## Dataset extract:
========

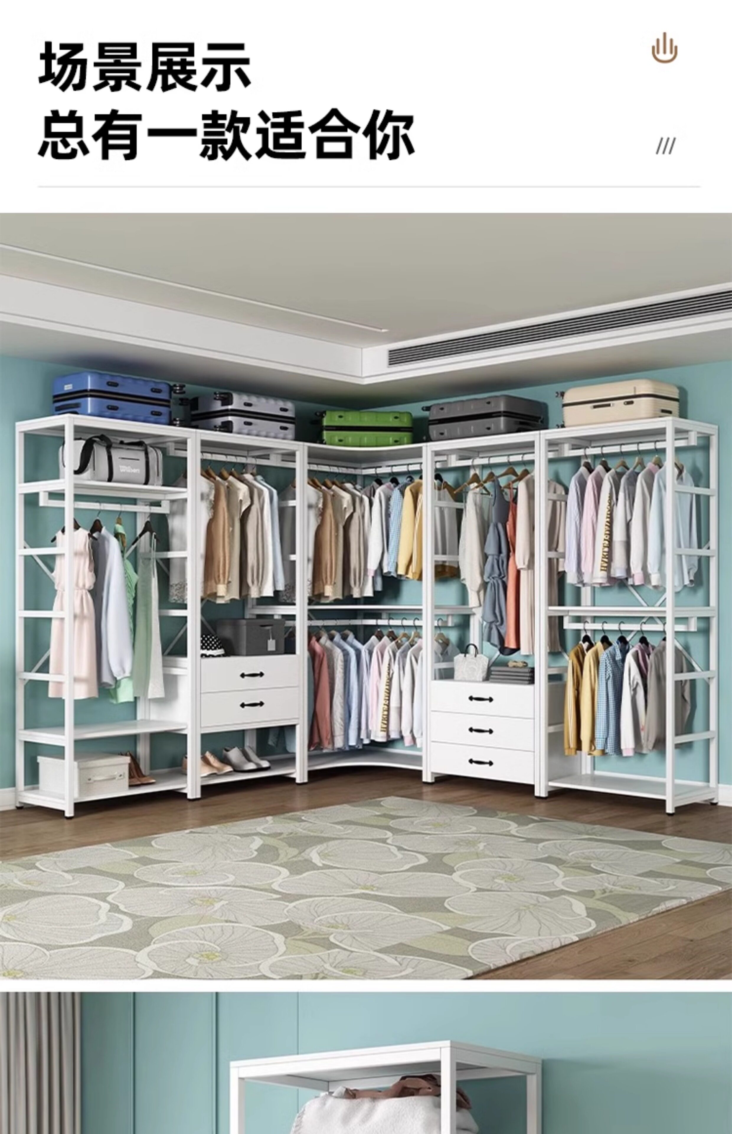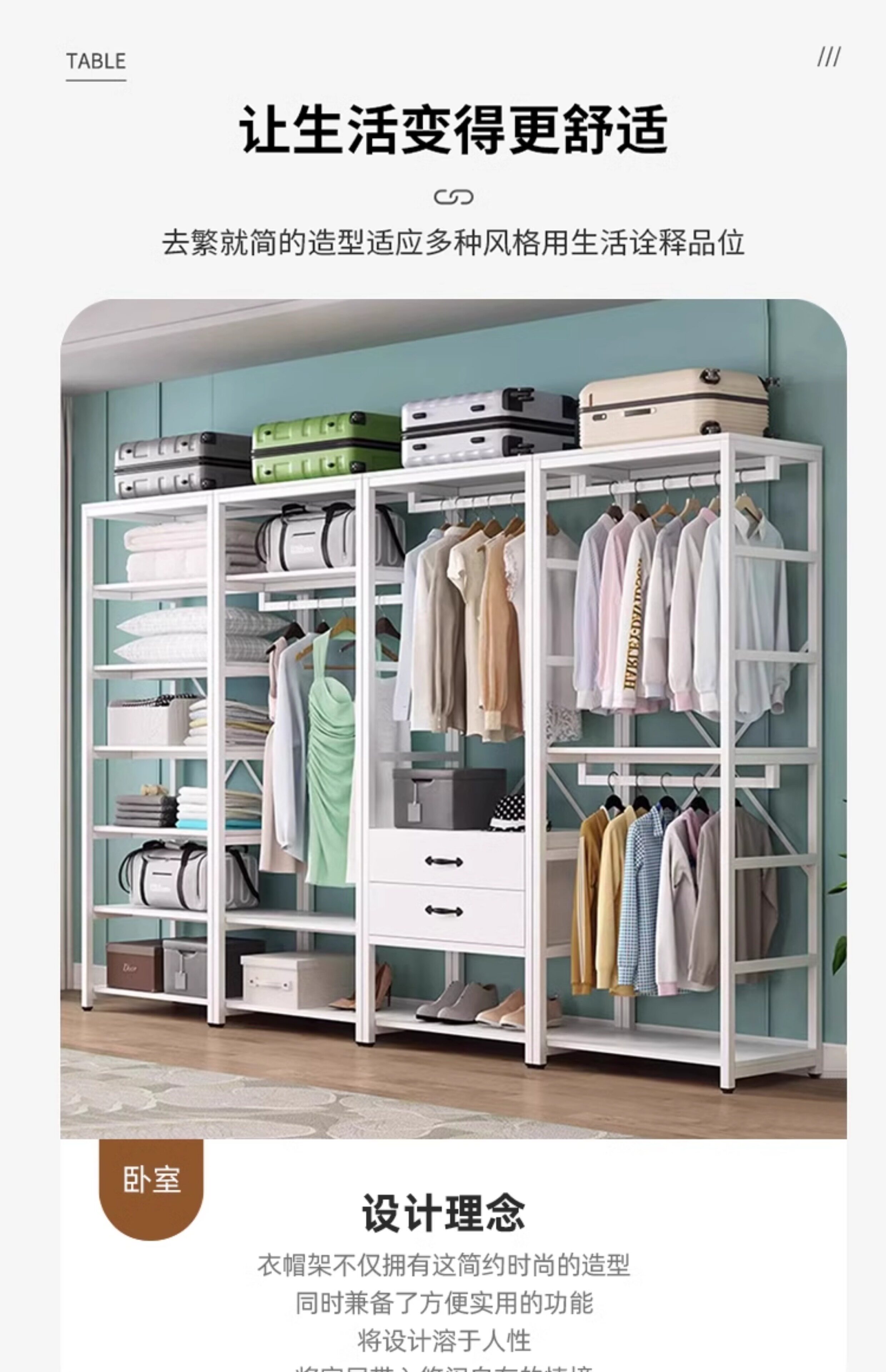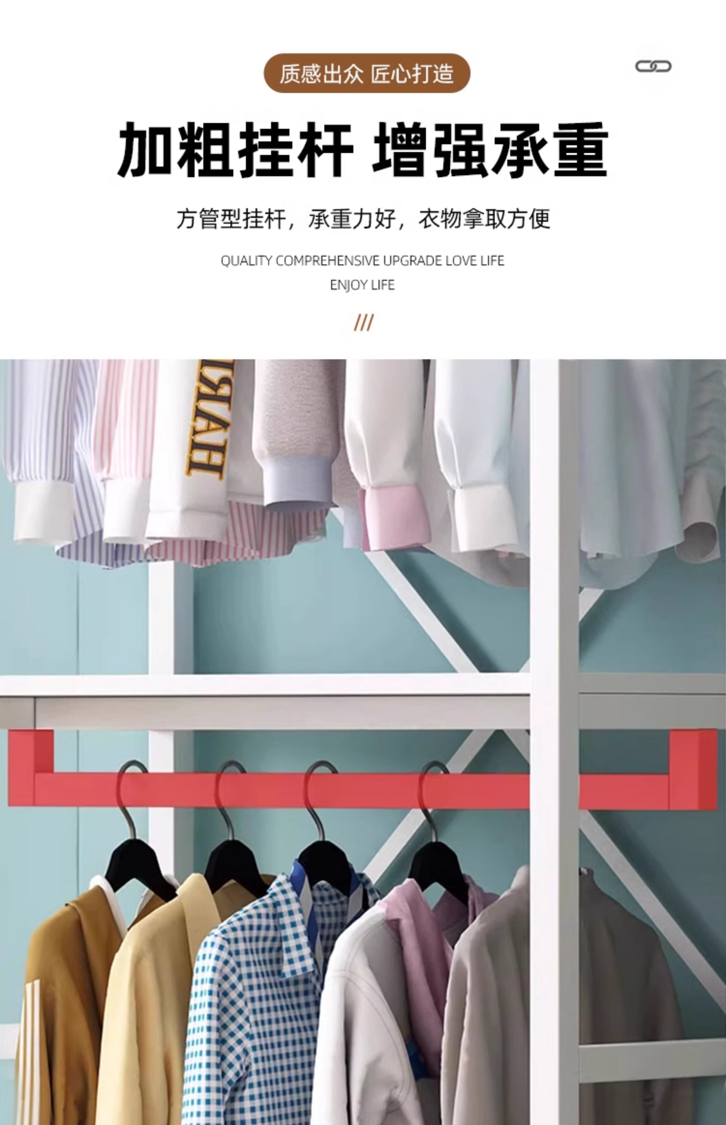 Walk-in cloakroom, home bedroom cloak rack, solid wood floor-standing combination storage rack, clothes rack, open wardrobe
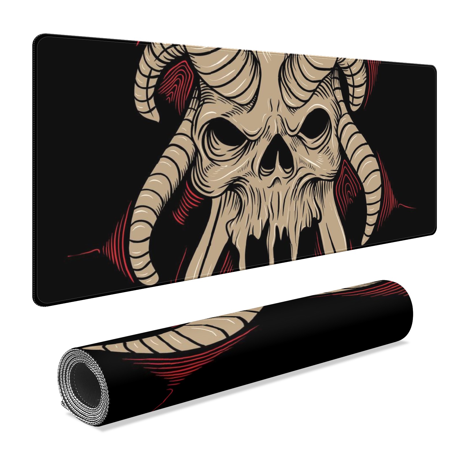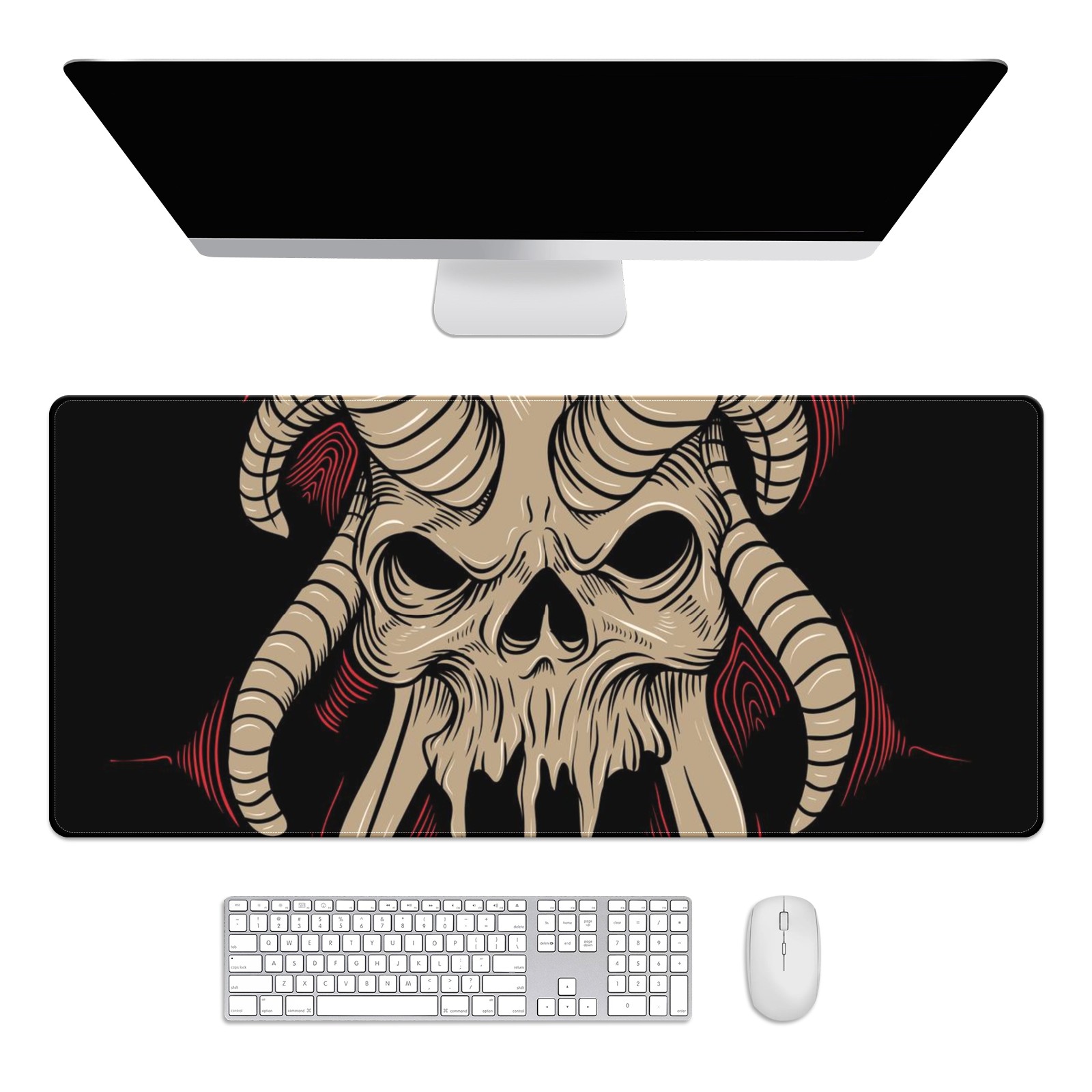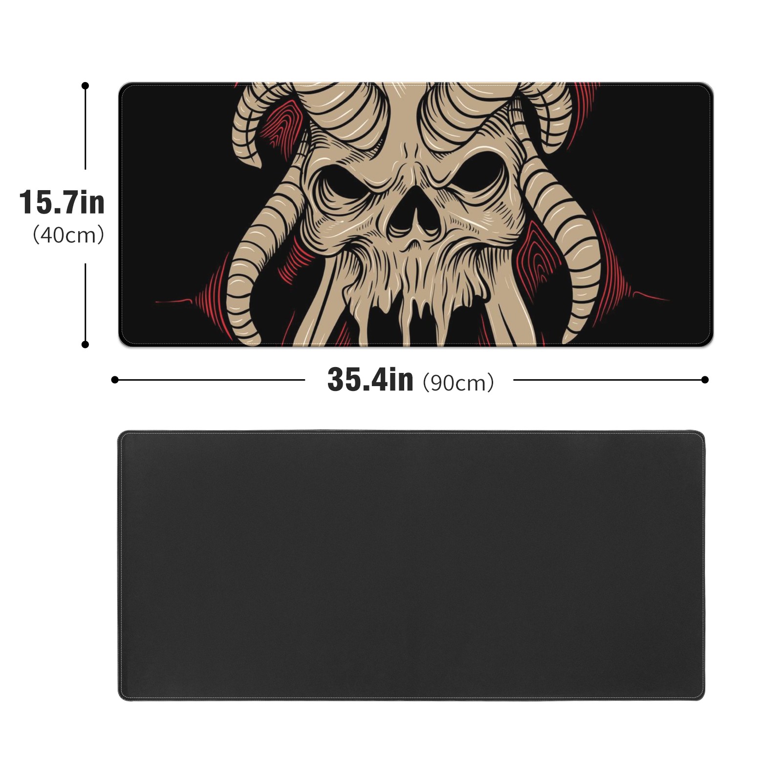Large Mouse Pad for Desktop, Cute Desk Mat Pad Protector for Work & Gaming, Aesthetic Pretty Anti-Slip Laptop Blotter Cover for Office School Home Supplies, Skull Horn Tooth , 35.4inx15.7in
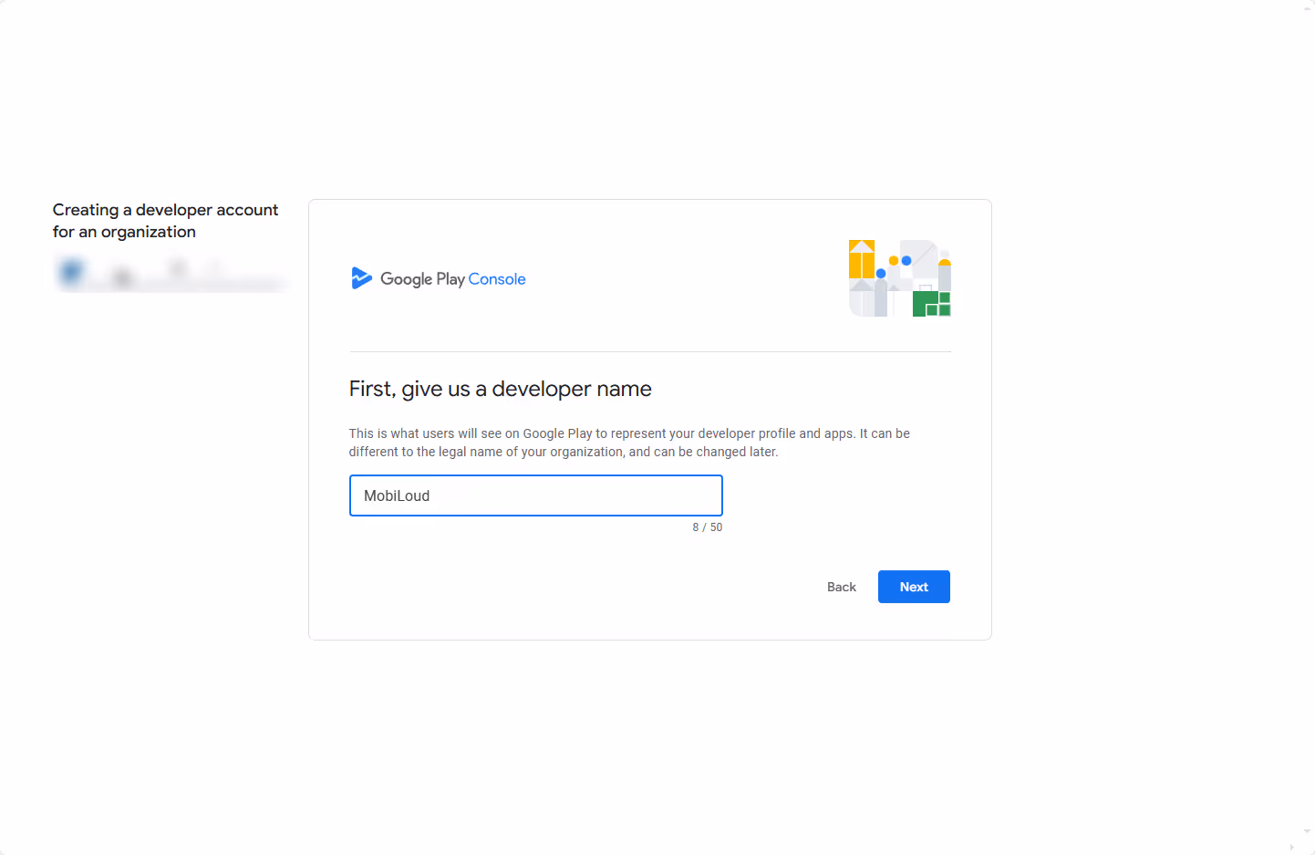 Enter your company name as your developer name, exactly as you want it to appear on the Play Store. This name will be publicly displayed, so make sure to use the correct spelling and capitalization. For example, if your company is called "Tech Solutions Inc.", entering "tech solutions inc" or "TECH SOLUTIONS INC" may not look as professional as "Tech Solutions Inc.".
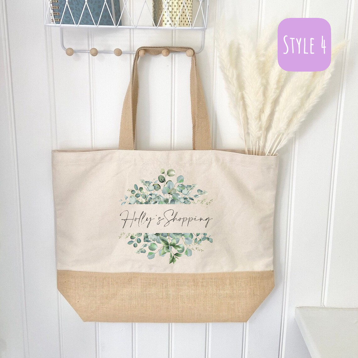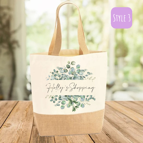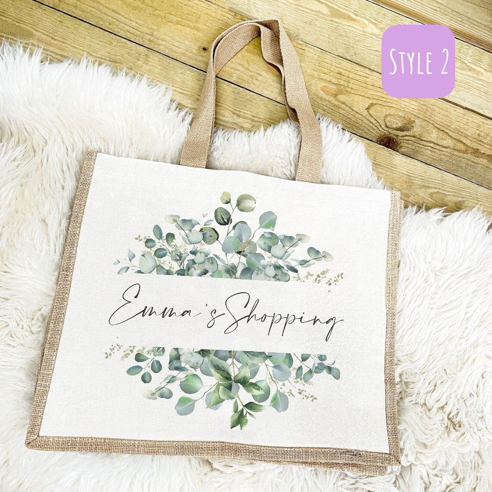 Introducing our eco-friendly and stylish Reusable Personalised ‘Eucalyptus’ Shopping Bag, thoughtfully crafted with a blend of natural jute and durable polyester, offering you the perfect fusion of sustainability and functionality. Designed to make a positive impact on the environment, this bag is a testament to our commitment to reducing single-use plastic waste.

========

## What is being asked:
The lines to repeat run from the line containing "Large Mouse Pad" through the last line of the material above; give them exactly, without the pictures.

## Worked solution:
Large Mouse Pad for Desktop, Cute Desk Mat Pad Protector for Work & Gaming, Aesthetic Pretty Anti-Slip Laptop Blotter Cover for Office School Home Supplies, Skull Horn Tooth , 35.4inx15.7in
 Enter your company name as your developer name, exactly as you want it to appear on the Play Store. This name will be publicly displayed, so make sure to use the correct spelling and capitalization. For example, if your company is called "Tech Solutions Inc.", entering "tech solutions inc" or "TECH SOLUTIONS INC" may not look as professional as "Tech Solutions Inc.".
 Introducing our eco-friendly and stylish Reusable Personalised ‘Eucalyptus’ Shopping Bag, thoughtfully crafted with a blend of natural jute and durable polyester, offering you the perfect fusion of sustainability and functionality. Designed to make a positive impact on the environment, this bag is a testament to our commitment to reducing single-use plastic waste.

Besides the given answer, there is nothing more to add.